Children can read about what’s going on in the world that affects their distance schooling: the stimulus package, for example, as well as how to stay positive and active.

But not all of the stories are heavy; there are stories about MineCraft, or “YouTube Millionaires,” or YouTube personalities who have a million or more followers. Children write movie reviews. Editors have been sharing “books we love.” Kahn kicked off the series by writing about “Hope for the Flowers,” by Montclair resident Trina Paulus.

Hannah Shmerlis paint her face artistically. COURTESY STEPHANIE GERSON

LOCAL HEROES

Kahn has profiled a few Montclair kids in recent editions, too. Township children were featured in stories for “Siblings Day” and “Only Child Day” in April.

Hannah Shmerlis, 13, a seventh-grader at Glenfield Middle School, was in the “Only Child Day” article. Her mother, Stephanie Gerson, said, “The article gave her a chance to shine. Lately she’s been secluded, and alone. It’s been hard for her to be an only child with so many people sticking to family.

“Another child that commented said, ‘I feel like Hannah,’ and that gave her some validation that she wasn’t alone as an only child.”

“I thought it was super-cool,” Hannah said. “I don’t really get my opinion out that much. I’m not a celebrity, not the popularest kid at school. I’m quiet sometimes. 

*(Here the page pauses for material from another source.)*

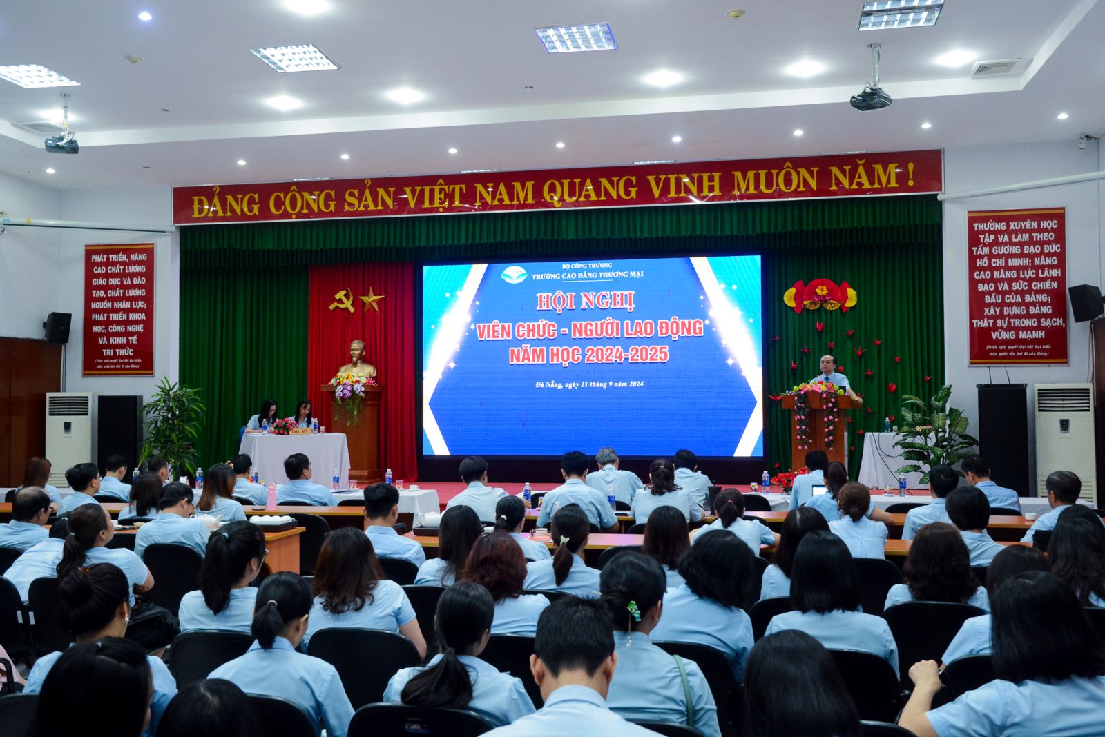 Hội nghị viên chức, người lao động Trường Cao đẳng Thương mại năm học 2024 - 2025 đã thành công tốt đẹp trong không khí đoàn kết, thống nhất của viên chức và người lao động quyết tâm thực hiện tốt phương hướng nhiệm vụ năm 2024 - 2025.

“I want people to know, especially kids my age, if you’re an only child you have friends and family and you can talk to them.”

Hannah’s in an art program at Glenfield and has begun painting random things, including herself, she said: “Yesterday I was so bored I just drew on my face.”

Being in News-O-Matic made her feel happy that someone would want to hear what it’s like to be her. And reading what other kids are thinking makes her feel things are relatable. 

And she’s learning about current events, about COVID-19, about how the earth is changing. “It’s really amazing,” she said. “My mom doesn’t let me watch the news. It’s so depressing to hear about what’s happening. She’ll ask me, ‘Do you want to hear what happened or no?’ I always say no.

“This is a paper I get to read myself. I get to choose.”